- WHAT TO DO -
The records below need to be repeated exactly, with every picture left out.

** Opening EXCERPTED DATA block **

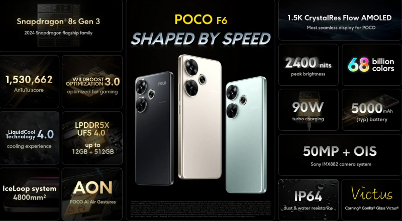 Por sua vez, o smartphone Poco F6 é construído sobre um processador Snapdragon 8s Gen 3 com velocidade de clock de até 3,0 GHz, fabricado com tecnologia de processo de 4 nm da TSMC. Combinado com a tecnologia WildBoost Optimization 3.0 e recursos de IA, o chip oferece uma jogabilidade suave com visuais mais detalhados e realistas que são suportados por jogos de RPG populares. A quantidade de RAM LPDDR5X é de até 12 GB, a memória flash UFS 4.0 é de até 512 GB.
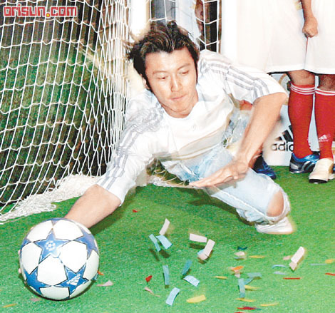 中新網(wǎng)7月19日電 據(jù)香港媒體報(bào)道,謝霆鋒昨日在灣仔出席某活動(dòng),同場(chǎng)還有將于本月底迎戰(zhàn)“紅魔”曼聯(lián)的港隊(duì)球員,雖然霆鋒手腳舊患仍未痊愈,但他仍到場(chǎng)做守門(mén)員,更不惜飛身?yè)踅馗坳?duì)球員的射球,背脊還撞向門(mén)柱,結(jié)果成功阻截港隊(duì)射球,表現(xiàn)相當(dāng)賣(mài)力。
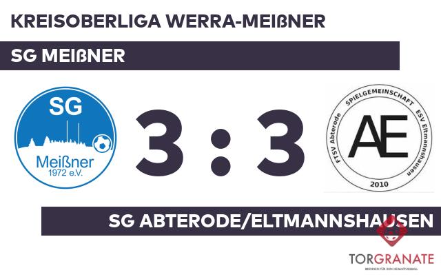 Die SG Meißner ging durch Tim Malzfeld in der 22. Minute in Führung. Philip Demus versenkte die Kugel zum 2:0 für die Gastgeber (36.) Jonas Eyrich nutzte die Chance für Abterode/Eltmannsh. und beförderte in der 38. Minute das Leder zum 1:2 ins Netz. Zur Pause war die SG Meißner im Fahrwasser und verbuchte eine knappe Führung. Per Elfmeter erhöhte Malzfeld in der 56. Minute seine Torausbeute an diesem Tag auf zwei Treffer – 3:1 für die SG Meißner. Philipp Schuelbe war es, der in der 85. Minute das Spielgerät im Tor der SG Meißner unterbrachte. Als einige Zuschauer bereits die SG Meißner als Sieger der Begegnung sahen, schlug der Moment von Eyrich, der zum Ausgleich traf (88.). Am Ende stand es zwischen der SG Meißner und der SG Abterode/Eltmannshausen pari.
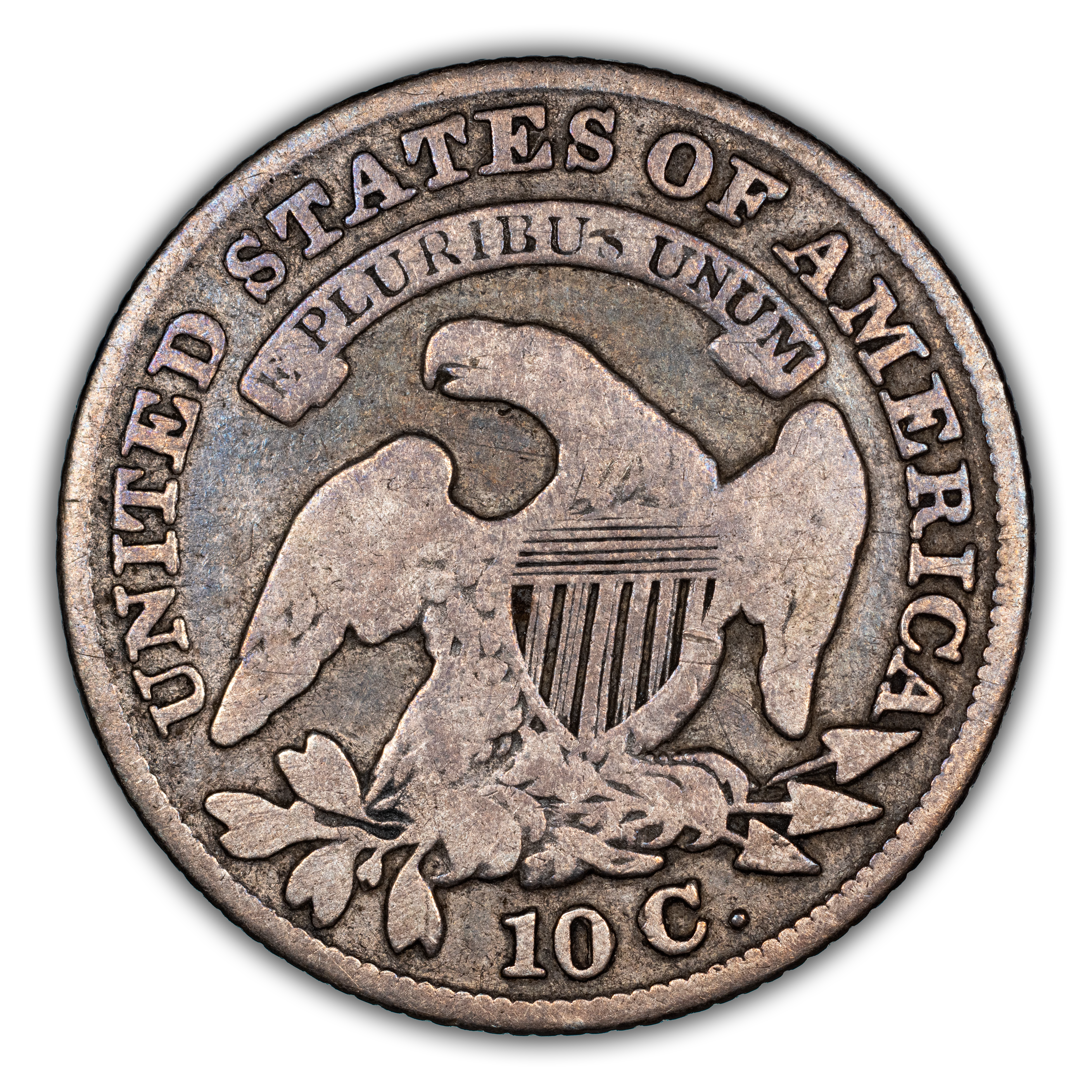 Capped Bust dimes, designed by John Reich, are generally more common than the Draped Bust issues. However, like their earlier counterparts they are challenging to locate in the better Mint States grades. The 1822 and 1829 Curl Base 2 are the rarest issues, with both regularly trading in the four-figure range.
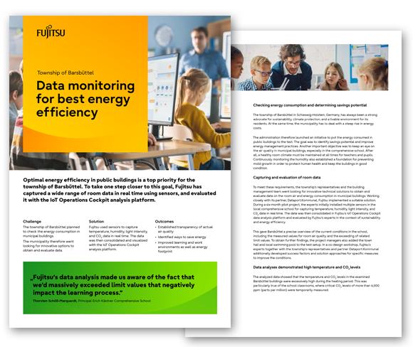 To meet these requirements, the township‘s representatives and the building management team went looking for innovative technical solutions to obtain and evaluate data on the room air and energy consumption in municipal buildings. Working closely with its partner, Dataport.Kommunal, Fujitsu implemented a suitable solution. During a six-month pilot project, the experts initially installed multiple sensors in the local comprehensive school for capturing temperature, humidity, light intensity, and C02 data in real time. The data was then consolidated in Fujitsu‘s IoT Operations Cockpit data analysis platform and evaluated by Fujitsu‘s experts in the context of sustainability and energy efficiency.
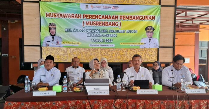 Mojokerto (transversalmedia) – Kelurahan Surodinawan menyelenggarakan musyawarah perencanaan pembangunan (Musrenbang) tingkat kelurahan tahun 2027. Pelaksanaan kegiatan ini merupakan kegiatan rutin tahunan di kelurahan Surodinawan, kecamatan Prajuritkulon, kota Mojokerto. Rabu (4/2/2026).
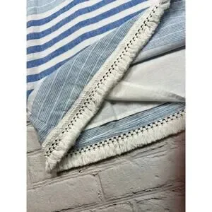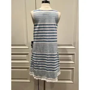 This is a blue and white striped dress by Vineyard Vines it is fully lined and has a beachy boho fringed hem. Linen Cotton blend with 100% cotton lining Size 8, fully lined with side zipper. Pre-owned, but in excellent condition with no visible flaws.
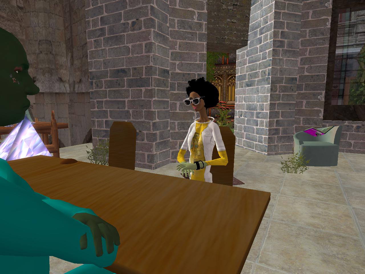 “I’m so sorry, Hucka Doobie. I went to the bar instead of the diner here. Carrcassonnee didn’t correct her speech in the blog until after I left. But the bar was closed — no sign of Furry Karl or anyone else there. I checked the portal very quickly to make sure it remained unblocked. I figured you were down here.”
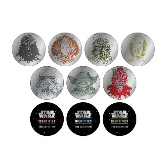 「スター・ウォーズ」作品に登場する人気キャラクターたちがプリントされた「トレーディングピンバックボタン」
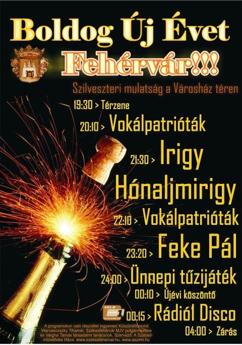 Este fél nyolckor térzenével kezdődik a szilveszteri mulatság a Városház Téren. Az est folyamán fellépnek a Vokálpatrióták, fél tízkor ad koncertet az Irigy Hónaljmirigy, tizeneggy után húsz perccel pedig Feke Pál lép a színpadra. Éjfélkor ünnepi tűzijáték is lesz a belvárosban, majd a város polgármestere Warvasovszky Tihamér és Vargha Tamás tanácsnok mond újévi köszöntőt. A program ingyenes, mindenkit szeretettel várnak! A téren a büfék is nyitva tartanak.
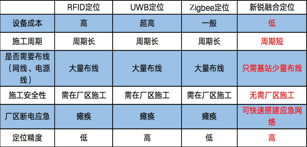 除了以上提及的四種常見技術,目前市場上還有幾十甚至上百種定位技術,比如說,新銳融合定位技術。新銳融合定位技術是由新銳科創依托行業優秀的無線通訊專家和數據安全開發團隊,融合物聯網、云計算、大數據、算法引擎等先進技術而來。新銳融合定位技術設備成本低,施工周期短,只需基站少量布線,不需要在廠房進行弱電施工;即便遇到如燃燒、爆炸類事故導致廠區斷電等突發事故,仍可快速搭建應急網絡,進行求救信息響應;更為重要的是,新銳融合定位技術定位精度非常高,用戶體驗非常好。
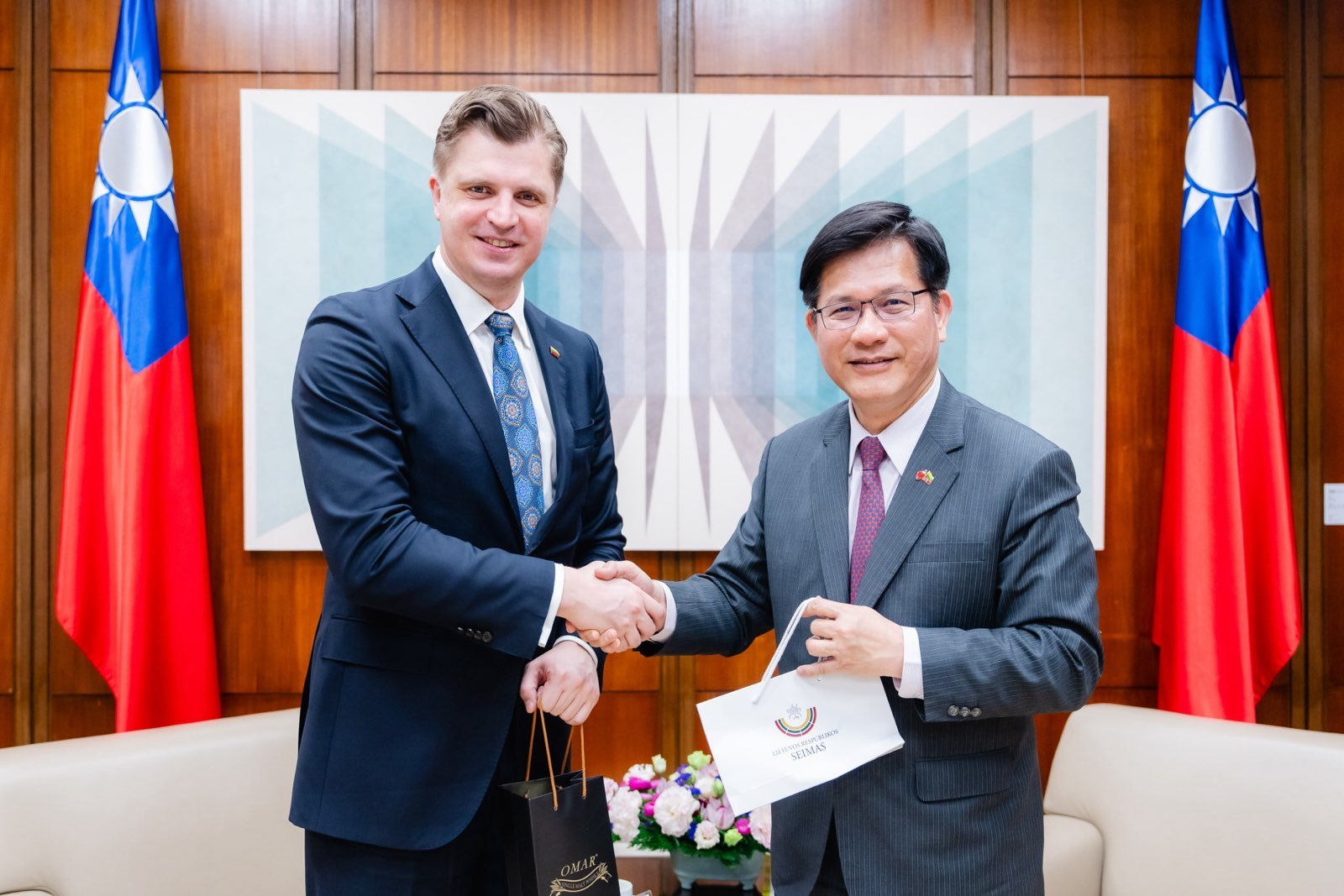 MOFA Minister Lin Chia-lung met with Chair of the Lithuanian Seimas Committee on National Security and Defence Giedrimas Jeglinskaskas, February 25, 2025 / Source: Taiwan MOFA Užsienio reikalų ministras Lin Chia-lung susitiko su Lietuvos Seimo Nacionalinio saugumo ir gynybos komiteto pirmininku Giedrimu Jeglinskaskasu, 2025 m. vasario 25 d. / Šaltinis: Taivano užsienio reikalų ministerija
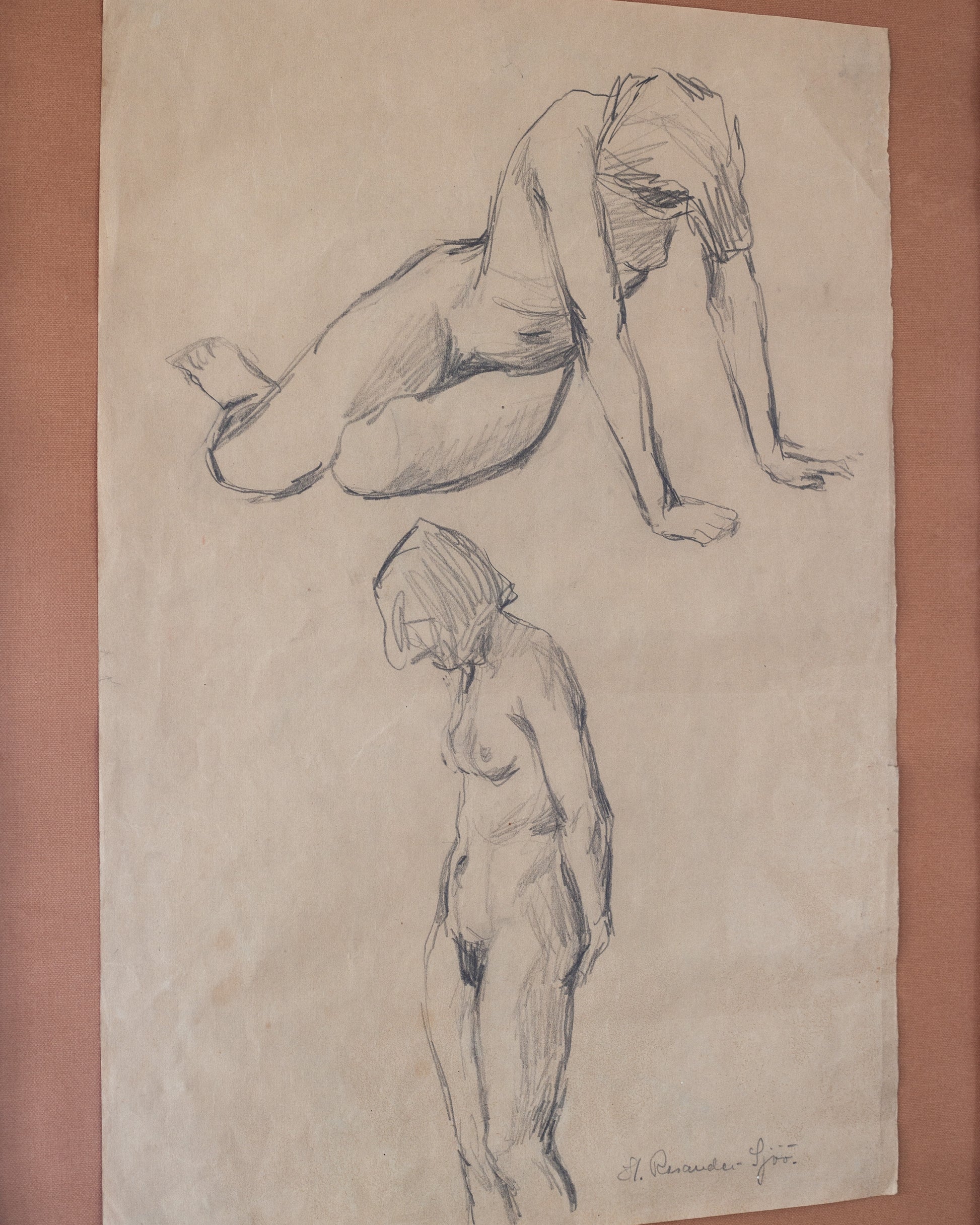 A framed sketch by Swedish artist Harriet Rosander de Tourtchaninoff (1912–1965), previously known as Harriet Sjöö. Created in the 1940s, this artwork is a study of the female form, emphasizing expressive gestures and natural curvature over fine detail to capture the body’s fluid lines and graceful posture.
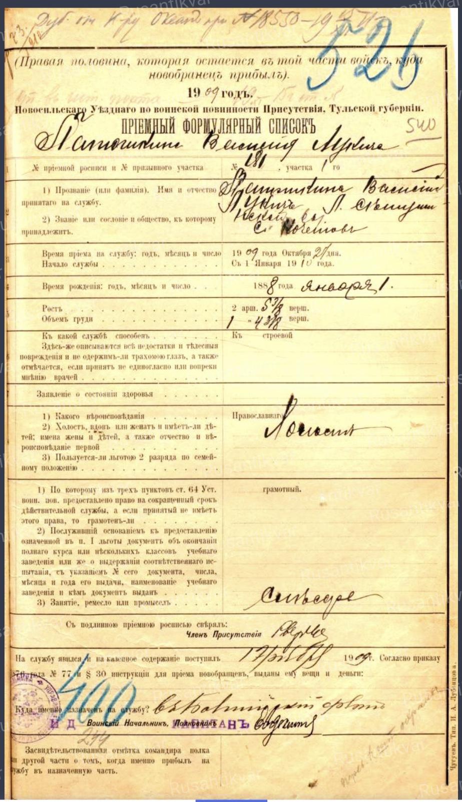 К этому времени из ФГУП РГАВМФ автор получил документы на Василия Панюшкина (исх. № 570-з от 12.04 2021 г. и № 840-з от 04.06.2021 г.). В них в частности сообщалось, что в Новосильском Уездном по воинской повинности Присутствии Василий, мечтая о море, пожелал служить на флоте. Поскольку флот являлся наиболее технически оснащенным видом вооруженных сил, то его комплектование производилось за счет грамотных и, имеющих соответствующую специальность, призывников. Призывная комиссия охотно исполнила его желание, тем более, что юноша при росте 2 аршина 5 3/8 вершка, по состояния здоровью, по всем статьям, подходил для флотской службы. Возможно, сказал свое веское слово и М. С. Сухотин.

** Closing EXCERPTED DATA block **

- ANSWER BELOW -
 Por sua vez, o smartphone Poco F6 é construído sobre um processador Snapdragon 8s Gen 3 com velocidade de clock de até 3,0 GHz, fabricado com tecnologia de processo de 4 nm da TSMC. Combinado com a tecnologia WildBoost Optimization 3.0 e recursos de IA, o chip oferece uma jogabilidade suave com visuais mais detalhados e realistas que são suportados por jogos de RPG populares. A quantidade de RAM LPDDR5X é de até 12 GB, a memória flash UFS 4.0 é de até 512 GB.
 中新網(wǎng)7月19日電 據(jù)香港媒體報(bào)道,謝霆鋒昨日在灣仔出席某活動(dòng),同場(chǎng)還有將于本月底迎戰(zhàn)“紅魔”曼聯(lián)的港隊(duì)球員,雖然霆鋒手腳舊患仍未痊愈,但他仍到場(chǎng)做守門(mén)員,更不惜飛身?yè)踅馗坳?duì)球員的射球,背脊還撞向門(mén)柱,結(jié)果成功阻截港隊(duì)射球,表現(xiàn)相當(dāng)賣(mài)力。
 Die SG Meißner ging durch Tim Malzfeld in der 22. Minute in Führung. Philip Demus versenkte die Kugel zum 2:0 für die Gastgeber (36.) Jonas Eyrich nutzte die Chance für Abterode/Eltmannsh. und beförderte in der 38. Minute das Leder zum 1:2 ins Netz. Zur Pause war die SG Meißner im Fahrwasser und verbuchte eine knappe Führung. Per Elfmeter erhöhte Malzfeld in der 56. Minute seine Torausbeute an diesem Tag auf zwei Treffer – 3:1 für die SG Meißner. Philipp Schuelbe war es, der in der 85. Minute das Spielgerät im Tor der SG Meißner unterbrachte. Als einige Zuschauer bereits die SG Meißner als Sieger der Begegnung sahen, schlug der Moment von Eyrich, der zum Ausgleich traf (88.). Am Ende stand es zwischen der SG Meißner und der SG Abterode/Eltmannshausen pari.
 Capped Bust dimes, designed by John Reich, are generally more common than the Draped Bust issues. However, like their earlier counterparts they are challenging to locate in the better Mint States grades. The 1822 and 1829 Curl Base 2 are the rarest issues, with both regularly trading in the four-figure range.
 To meet these requirements, the township‘s representatives and the building management team went looking for innovative technical solutions to obtain and evaluate data on the room air and energy consumption in municipal buildings. Working closely with its partner, Dataport.Kommunal, Fujitsu implemented a suitable solution. During a six-month pilot project, the experts initially installed multiple sensors in the local comprehensive school for capturing temperature, humidity, light intensity, and C02 data in real time. The data was then consolidated in Fujitsu‘s IoT Operations Cockpit data analysis platform and evaluated by Fujitsu‘s experts in the context of sustainability and energy efficiency.
 Mojokerto (transversalmedia) – Kelurahan Surodinawan menyelenggarakan musyawarah perencanaan pembangunan (Musrenbang) tingkat kelurahan tahun 2027. Pelaksanaan kegiatan ini merupakan kegiatan rutin tahunan di kelurahan Surodinawan, kecamatan Prajuritkulon, kota Mojokerto. Rabu (4/2/2026).
 This is a blue and white striped dress by Vineyard Vines it is fully lined and has a beachy boho fringed hem. Linen Cotton blend with 100% cotton lining Size 8, fully lined with side zipper. Pre-owned, but in excellent condition with no visible flaws.
 “I’m so sorry, Hucka Doobie. I went to the bar instead of the diner here. Carrcassonnee didn’t correct her speech in the blog until after I left. But the bar was closed — no sign of Furry Karl or anyone else there. I checked the portal very quickly to make sure it remained unblocked. I figured you were down here.”
 「スター・ウォーズ」作品に登場する人気キャラクターたちがプリントされた「トレーディングピンバックボタン」
 Este fél nyolckor térzenével kezdődik a szilveszteri mulatság a Városház Téren. Az est folyamán fellépnek a Vokálpatrióták, fél tízkor ad koncertet az Irigy Hónaljmirigy, tizeneggy után húsz perccel pedig Feke Pál lép a színpadra. Éjfélkor ünnepi tűzijáték is lesz a belvárosban, majd a város polgármestere Warvasovszky Tihamér és Vargha Tamás tanácsnok mond újévi köszöntőt. A program ingyenes, mindenkit szeretettel várnak! A téren a büfék is nyitva tartanak.
 除了以上提及的四種常見技術,目前市場上還有幾十甚至上百種定位技術,比如說,新銳融合定位技術。新銳融合定位技術是由新銳科創依托行業優秀的無線通訊專家和數據安全開發團隊,融合物聯網、云計算、大數據、算法引擎等先進技術而來。新銳融合定位技術設備成本低,施工周期短,只需基站少量布線,不需要在廠房進行弱電施工;即便遇到如燃燒、爆炸類事故導致廠區斷電等突發事故,仍可快速搭建應急網絡,進行求救信息響應;更為重要的是,新銳融合定位技術定位精度非常高,用戶體驗非常好。
 MOFA Minister Lin Chia-lung met with Chair of the Lithuanian Seimas Committee on National Security and Defence Giedrimas Jeglinskaskas, February 25, 2025 / Source: Taiwan MOFA Užsienio reikalų ministras Lin Chia-lung susitiko su Lietuvos Seimo Nacionalinio saugumo ir gynybos komiteto pirmininku Giedrimu Jeglinskaskasu, 2025 m. vasario 25 d. / Šaltinis: Taivano užsienio reikalų ministerija
 A framed sketch by Swedish artist Harriet Rosander de Tourtchaninoff (1912–1965), previously known as Harriet Sjöö. Created in the 1940s, this artwork is a study of the female form, emphasizing expressive gestures and natural curvature over fine detail to capture the body’s fluid lines and graceful posture.
 К этому времени из ФГУП РГАВМФ автор получил документы на Василия Панюшкина (исх. № 570-з от 12.04 2021 г. и № 840-з от 04.06.2021 г.). В них в частности сообщалось, что в Новосильском Уездном по воинской повинности Присутствии Василий, мечтая о море, пожелал служить на флоте. Поскольку флот являлся наиболее технически оснащенным видом вооруженных сил, то его комплектование производилось за счет грамотных и, имеющих соответствующую специальность, призывников. Призывная комиссия охотно исполнила его желание, тем более, что юноша при росте 2 аршина 5 3/8 вершка, по состояния здоровью, по всем статьям, подходил для флотской службы. Возможно, сказал свое веское слово и М. С. Сухотин.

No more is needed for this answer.